Contact Megan or anybody else with access to the Collabortweet server and give them your ssh public key.
In your terminal of choice, use ssh to log on to the server:
ssh [email protected] -i path/to/privat/key
All labeling project directories should be located in /home
:
After logging in navigate to the /home
and create your project directory there:
cd /home
mkdir my_project
On your local computer (or the computer you want to transfer the data from, e.g. the prince cluster) run the following command to upload your data:
scp -i path/to/private/key path/to/data/file.json [email protected]:/home/my_project
Now we download the collabortweet platform from the GitHub repo:
cd /home/my_project
git clone https://github.com/smappnyu/collabortweet
First we need to configure what port to run the server on and where to store all data. To figure out if a port is in use by another project, choose a port number between 3000 and 7000. Then check if another application is running by navigating in a web browser of your choice to 178.128.157.54:XXXX
, where XXXX
refers to the port number.
Open /home/my_project/collabortweet/CONFIG.json
and edit the port
entry to XXXX
. You can also change the db_path
field. db_path
tells the application where to store all the data. It might also be a good idea to set up some form of backup for this file for larger projects to make sure labels are not lost accidentally.
Now run the setup with:
python SETUP.py
This will install all dependencies for the webapp and create the empty database schema that holds the data.
Now that the database is set up we can add user or coders, the people that will use the application:
You can either add many users at once or single users at a time.
Create a .csv
file containing all users that you want to add, in the following format (one user per row):
Run
screenname,password,first_name,last_name
exampleuser,12345,example,user
...,...,...,...
...,...,...,...
Then import the users with the import script by running the following command (from the collabortweet
directory):
python bin/add_users.py --sqlite_path [database_file_path] --users_file [user_csv_file]
The [database_file_path]
is the path that's specified as db_path
in CONFIG.json
(drop the brackets).
You can add a single user at a time via the command line interface of the user import script:
python bin/add_users.py --sqlite_path [database_file_path] --screenname exampleuser --password 12345 --first_name example --last_name user
The platform can run multiple tasks simultaneously. A task is a set of elements to be labeled that can be accessed by all users that have been added in the previous step.
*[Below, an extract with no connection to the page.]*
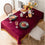 Cette nappe rouge en velours transcende toutes vos attentes pour devenir une pièce maîtresse de votre décoration intérieure. Les pampilles dorées captent la lumière, ajoutant une dimension visuelle captivante qui enchantera vos invités. Son allure majestueuse est parfaite pour embellir vos moments de partage et festivités.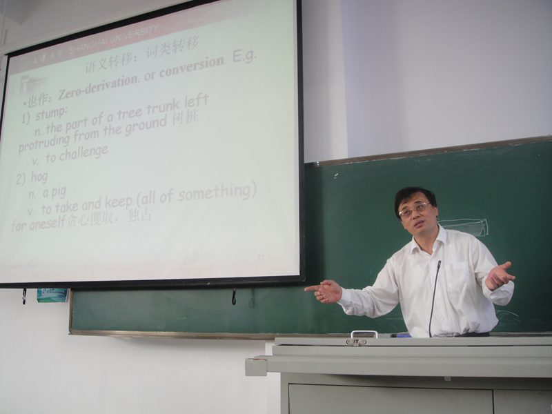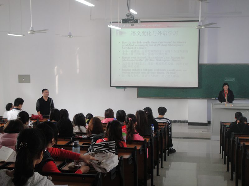 经过前三期的讲座,冯教授睿智幽默、轻松亲切的授课风格早已深入人心,同学们都翘首以待最后一场的主题讲座:《语义引申的方式及其机制》。冯教授首先介绍了语言的本质属性,并指出语言资源的有限性及经济性,最后剖析了“语义变化与外语学习”的关系,完成了从理论到实践的跨越。本场讲座是对前几场讲座内容的升华和总结,自始至终,冯教授多次向大家强调学习语言最重要的是培养思辨能力。本场讲座再次为台下的师生带来一席丰盛的精神大餐,同学们都觉得“学术”二字不再那么恐惧和遥远了。

In order to create a task, you need to write a task configuration file. The collabortweet repo contains an example of such a file (labelTaskDesc.json
):
{
"name": "Nigeria 2015 - Relevance Labels",
"question": "Is this tweet relevant to the Nigerian 2015 election?",
"type": 2,
"labels": [
"Relevant",
"Not Relevant",
"Not English",
"Can't Decide"
]
}
- Name: Name of the task as it will appear on the platform
- Question: Question to ask of the coders
- Type: 1 is a pairwise comparison task (omitted from this documentation for now), 2 is a 'classical' labeling task
- labels: The choices of labels to give to the coders for each object
When the data is imported, tweets that are still available on Twitter will be displayed as a tweet would be on the platform itself. If the tweet is not available any longer, just the text of the tweet is displayed. To import your data you can use the following script (from the collabortweet
directory):
python bin/embed_tweets_2_sql.py --task_path [task_file.json] --sqlite_path [database_file_path] --data_path [path_to_tweets_file.json]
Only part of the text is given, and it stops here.